April 30, 2019

Mayor's Charter Board Hears Pitches For 2 New Indy High Schools

Believe Circle City’s founder Kimberly Neal, left, and, Believe Board chairwoman Taylor Brown at the Indianapolis Charter School Board meeting Tuesday, April 30, 2019. - Eric Weddle/WFYI News

Believe Circle City’s founder Kimberly Neal, left, and, Believe Board chairwoman Taylor Brown at the Indianapolis Charter School Board meeting Tuesday, April 30, 2019.

Eric Weddle/WFYI News

Less than a year since Indianapolis Public Schools closed three high schools due to shrinking enrollment, multiple charter organizations seek to open 9-to-12th-grade schools in and around Center Township next year.

Leaders from the proposed Rooted School and Believe Circle City high schools had their first public hearing with the Indianapolis Charter School Board at the city-county building Tuesday.

The pitch: both schools are designed to be high performing, yet unproven, models that would offer students a better education than IPS or established charter schools.

Emphasizing the unproven results, board members questioned both school leaders how they would boost academics of low performing students and get them promised results of college credits, job credentials or high education enrollment.

Kenneth Riggins, Board Chairman, says the applicants will face the same challenges as IPS: attracting and retaining students and operating with available state funds.

"We are just hopeful that trying something different will be successful -- that is the idea behind it," Riggins says of the board's authority to approve new schools. "My goal is to make sure they can financially support themselves, that they are not going to leave students stranded and to make sure they are going to be making progress."

Charter schools are publicly funded schools operated by private entities and are defined as public schools under Indiana law.

Rooted School

The New Orleans-based Rooted School is proposing a Far Eastside high school that would focus problem-solving style curriculum, group work and small class sizes. Ma’at Lands, a former Lighthouse Academies assistant principal, and North Central graduate, would be the school leader.

Rooted’s proposal calls for starting with 60 students in 9th grade and adding a grade level each year and eventually enroll 240 students.

Board members questioned how the school would have enough resources to support students who are behind grade level with such few students. In Indiana school funding is based on per-student funding.

“I’d like you to be able to explain to me how you are going to do it,” Riggins, the board chair, said before asking for the answer at the next board meeting. “What are you doing to do if 82 percent of a class is behind?”

Jonathan Johnson, Rooted School’s Founder and CEO, received $250,000 from the Mind Trust as part of the group’s Charter School Design Challenge. The goal of the grant was for Johnson to replicate the first Rooted School in Indianapolis.

That New Orleans school opened in 2017 and currently serves grades 9-10. Only one year of academic results is available. It is rated a B by the Louisiana Department of Education.

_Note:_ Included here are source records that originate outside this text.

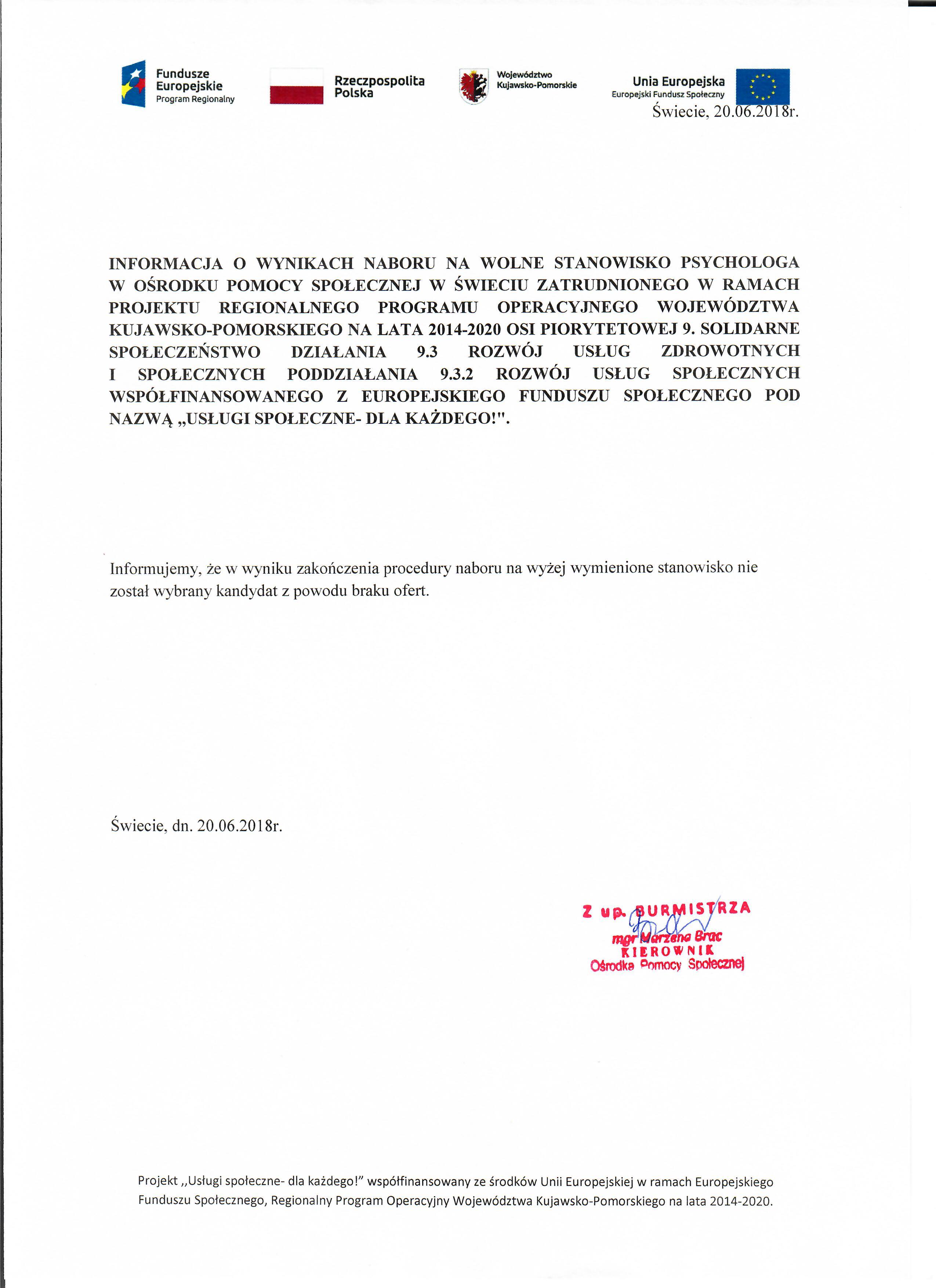 Informacja o wynikach naboru na wolne stanowisko psychologa w Ośrodku Pomocy Społecznej w Świeciu w ramach projektu Regionalnego Programu Operacyjnego Województwa Kujawsko- Pomorskiego na lata 2014-2020 Osi piorytetowej 9. Solidarne społeczeństwo Działania 9.3 Rozwój usług zdrowotnych i społecznych Poddziałania 9.3.2 Rozwój usług społecznych wspołfinansowanego z Europejskiego Funduszu Społecznego pod nazwą ,,Usługi Społeczne- dla każdego!"
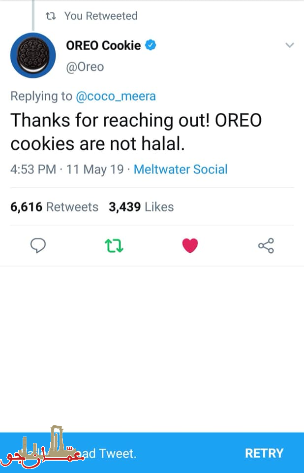"أوريو ليست حلالًا. شكرًا على رسالتك"، كما جاء في تغريدة منسوبة لشركة أوريو على تويتر يوم 11 مايو /أيار 2019.
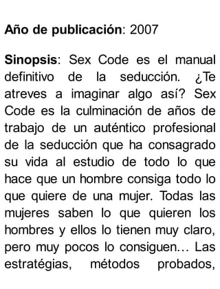 Este documento es una introducción a un manual de seducción titulado "Sex Code" que enseña técnicas y estrategias probadas para atraer a cualquier mujer. El autor comparte historias personales que lo llevaron a dedicar su vida al estudio de la seducción, incluyendo una experiencia que lo hizo tocar fondo y decidir cambiar su suerte con las mujeres. Ahora, a través de este libro, busca ayudar a otros hombres a mejorar en este aspecto tan personal.
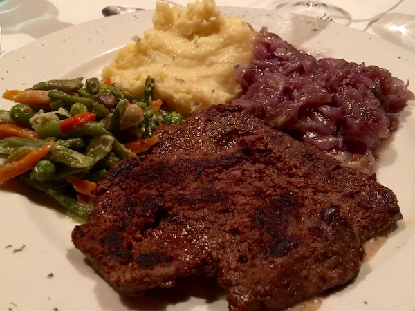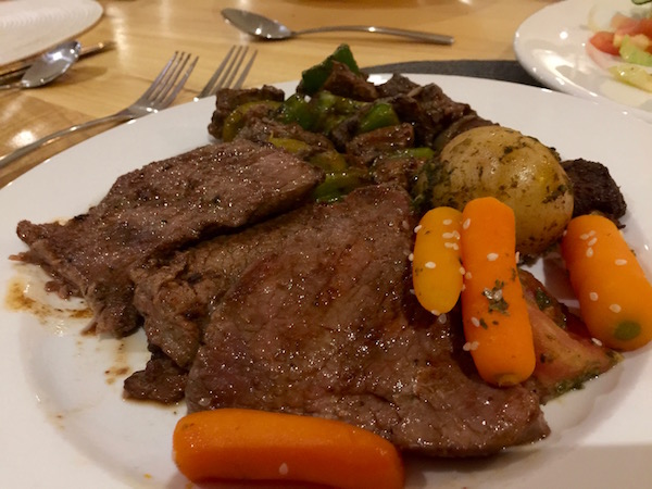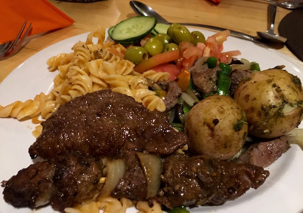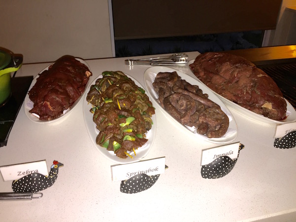 Tocaba hora de abandonar el parque y regresar al campamento. Llegamos al lodge, nos fuimos hasta la habitación para darnos una ducha, y conectarnos al wifi, a las 19:00 h fuimos hasta el comedor del campamento para cenar, la comida fue tipo buffet, donde había verduras, una gran variedad de diferentes carnes de caza como: impala, cebra, springbok y muy poco pescado, fruta y pasteles.
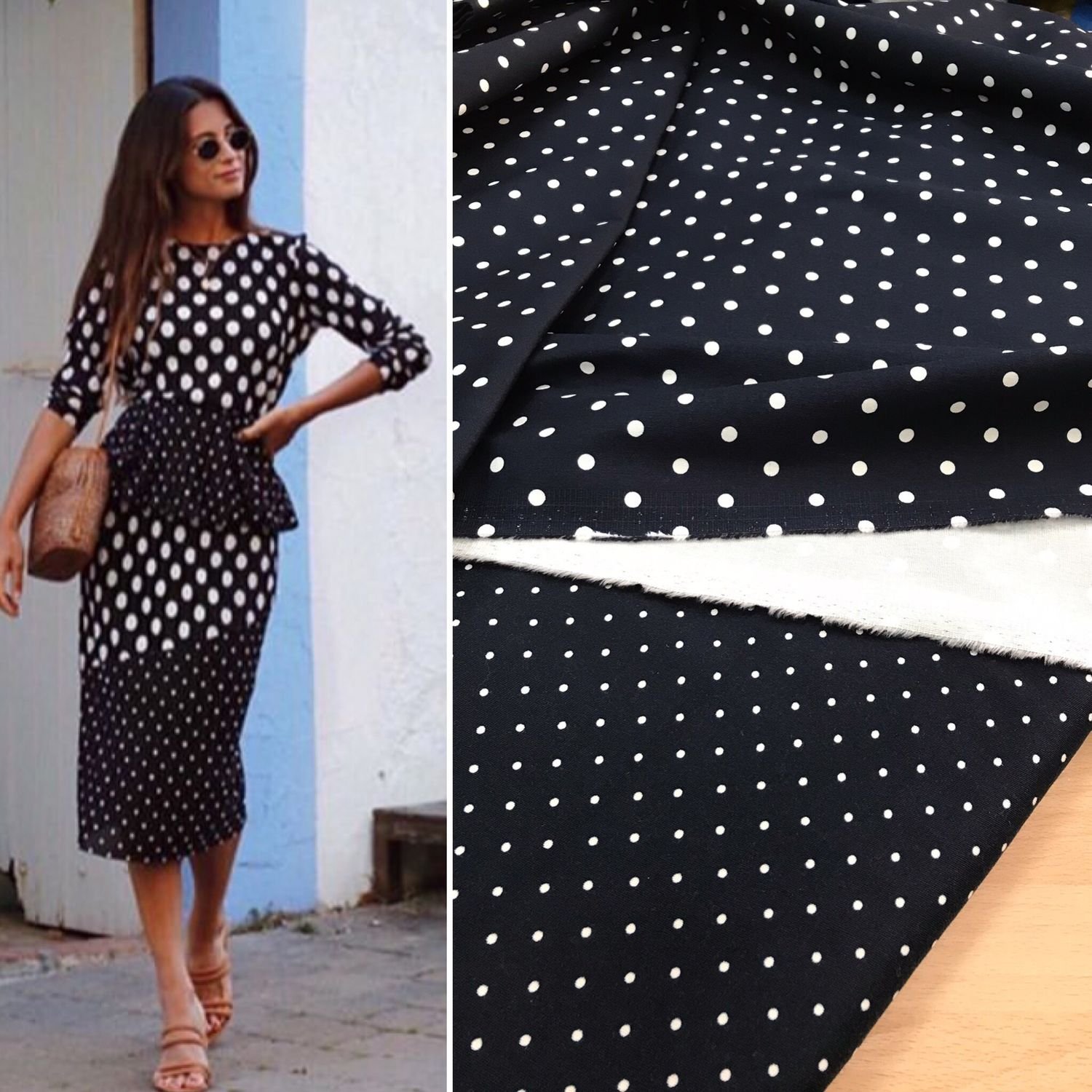 Черное платье в горошек
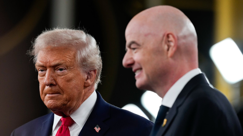 Le président Donald Trump et le président de la FIFA, Gianni Infantino, à leur arrivée pour assister au tirage au sort de la Coupe du monde de football 2026 au Kennedy Center, le 5 décembre 2025, à Washington.
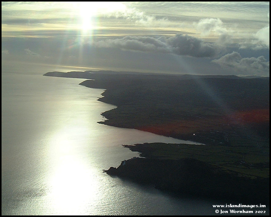 Looking back down the east coast from Maughold Head, straight into the low winter sun.
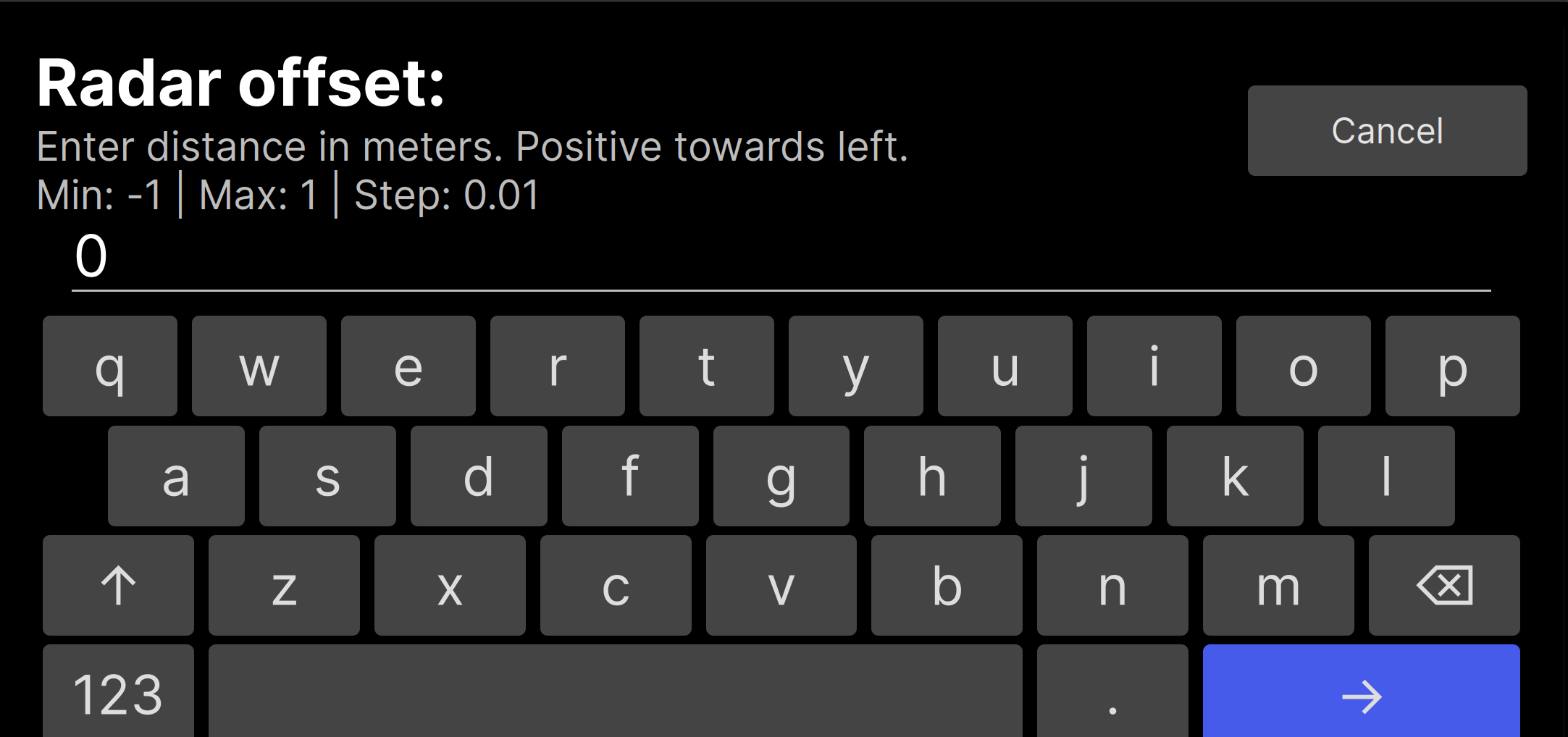 Editing numerical values in Tesla Unity settings page (2/2)

Johnson says he needs to raise around $1.1 million before the school would open for the 2020-21 academic year.

Believe Circle City

The proposed Believe Circle City high school would focus on students earning college credits before graduation and spending time at local colleges as early as their 10th-grade year.

“Our goal with the new school is to change the approach with educating high school students,” said school leader Kimberly Neal. “We want an increase on autonomy and agency.”

Neal says there will be a focus on soft skills for students to get and retain a job after graduation, with a credential, or be ready for a two- or four-year school.

Students, Neal said, should have completed Core 40 graduation requirements before they start attending high education classes off-site.

“I think it is a needed curriculum," board member Pam Hickman says. "I am always worried that our students are not being prepared for college or a job.”

A year ago Neal was named as part of The Mind Trust’s fifth cohort of Innovation School Fellowship. Fellows earn a stipend plus benefits over the course of their fellowship.

Neal previously was at KIPP:DC as the managing director of secondary education and a middle school principal. Earlier she founded Muchin College Prep which is part of the Noble Network of Charter Schools in Chicago.

Believe Circle City’s board chairwoman is Taylor Brown, Teach for America-Indianapolis’s chief program officer. Brown’s husband is Brandon Brown, CEO of The Mind Trust. Taylor Brown says the board will be transparent about any real or perceived conflict of interest that could arise.

Believe’s proposal calls for starting with 100 students in 9th grade and adding a grade level each year and eventually enroll 465 students after seven years.

A location within the IPS district has not been named yet for the school.

The Indianapolis charter school board will vote on the schools June 27.

Another School

The Indiana Charter School Board also held a public hearing for GEO’s Next Generation Academy Tuesday.

GEO Academies, an Indianapolis-based charter operator with schools in Gary and Baton Rouge, LA, wants to open in Warren Township with a performing arts theme and emphasis students college credits. School leaders hope to attract 750 students.

The state charter board will meet May 14 to vote on GEO’s charter application.

Correction: An earlier version of this article mistated the amount of salary Mind Trust fellows recieve.